And low-level persistance absolutely leads to resistance, because if your goat has low levels of moxidectin running through it's veins for months, it's only killing the most susceptible worms you have.. That, of course, leaves the more resistant worms behind to continue contaminating the pasture.

Not great.

BTW...you mention winter freezes...I've been doing a lot of studying up lately on barberpoles over the past several months, and what I'm finding is that if there's any ***** at all in the barberpole's armor, it would seem to be their relative inefficiency at overwintering as eggs/larvae on pasture. Time and again, I've read that barberpoles primarily overwinter in the host animal, and that the threat of early Spring pasture contamination is negligable....that it's really nothing to be concerned with. I believe it's true, considering the barberpole is far more prone to go into hypobiosis than any other worm.. Worms which, incidentally, are generally considered to be better at overwintering on pasture. 

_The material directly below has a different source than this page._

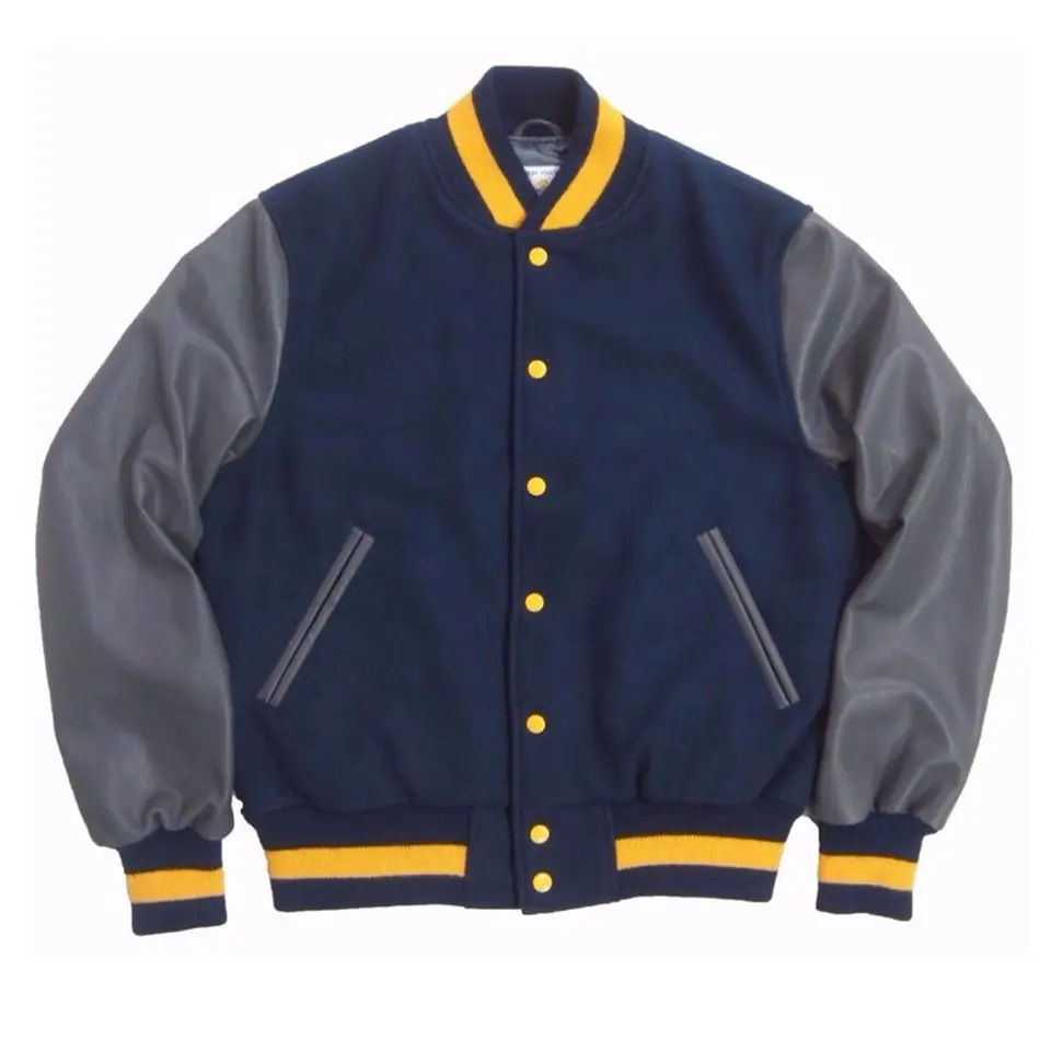 เสื้อแจ็คเก็ตยูนิเวอร์ซิตี้ผู้ชายไซส์ใหญ่ แบบเรียบ ผ้าขนสัตว์ แขนหนัง ขายส่ง เสื้อแจ็คเก็ตผ้าแคนวาสเปล่า เสื้อแจ็คเก็ตวิซาร์ดสำหรับผู้ชาย

Think about that this winter as you stand in the freezing cold, looking over your herd...if my thinking is correct, it would mean that virtually 100% of the barberpole worms ON YOUR WHOLE PROPERTY are hiding right under your nose...right there inside the animals themselves..

If you're like me, that might put you in a mind of stumbling upon a nest covered with wasps on a 40-degree early Spring evening...they're not hurting anything at that particular moment in time, but you know they'll be a huge pain come summer. And there they are...just sitting there...vulnerable...waiting to be decimated.

Think about it..


----------



## DPW (Mar 13, 2010)

Sent an e-mail to Steve Hart at Langston University. Also a member of SCSRPC. Asked when they made a recommendation of injecting Cydectin for parasite control in goats. Here is a small portion of his reply.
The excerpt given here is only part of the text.